Computational models of language are not likely ever to be capable of imparting this aspect of evolutionary complexity to the computers that drive robots. A far more likely scenario for sophisticated robots of the future is one in which they communicate successfully with each other using their own homegrown system of communication. Robots that humans create, or that robots themselves eventually create, will always be more like each other than they will ever be like humans, so it is reasonable that they should develop their own system of communication, rather than being lumbered with the one that humans have spent eons developing for their own exclusive use.

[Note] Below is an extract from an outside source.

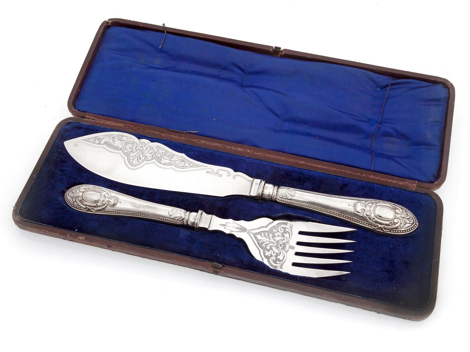 Pair of Victorian Boxed Silver Plated Fish Servers (1 of 6)

The dystopian risk that arises from this scenario is that robots will develop their own highly complex system of intramural communication that is incomprehensible to humans and that they will use this as a starting point to eventually dominate and destroy us. There are already alarming examples of this. One example is described in the new book LikeWar: The Weaponization of Social Media, by P. W. Singer and Emerson T. Brooking: chatbots, which are created algorithmically by computer programs, proliferate and spread disinformation that "goes viral" with the intent of persuading the human public of the veracity of some falsehood.
The middle ground is surely to develop technologies and techniques that enable robots to convey their behavior and intentions to people in intuitive ways, while also enabling robots to understand various forms of natural human input. Nothing is more intuitive and natural to humans than communicating via language, and specifically, via speech. Language must be central to developing a more robust channel for human-robot communication.

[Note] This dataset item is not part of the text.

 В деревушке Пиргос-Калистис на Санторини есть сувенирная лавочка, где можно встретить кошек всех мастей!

It might seem that it would be easier to train humans in the inherent limitations of robotic communication than it would be to train robots in the sophistication of human communication. Claire Bonial, a computational linguist at the Army Research Lab, noted in one of her recent talks that this would be a severely limiting factor. Humans who need to talk to robots are often in situations of great stress, such as combat or rescue, and in such situations, having to limit communication to a small range of learned commands that a robot might understand is a handicap. It is also not cost effective to develop very expensive robots, if they can only be operated by a small group of very expensive humans who have undergone extensive training.
Humans find it pretty hard to resist communicating in language: no other system of communication comes close to it in complexity and economy, and yet it comes naturally to us. So it is desirable that robots will eventually have to meet us at least halfway: understanding much of what we say, and being adept at getting clarification when they need it, much as foreign speakers do when what you say to them flies over their heads.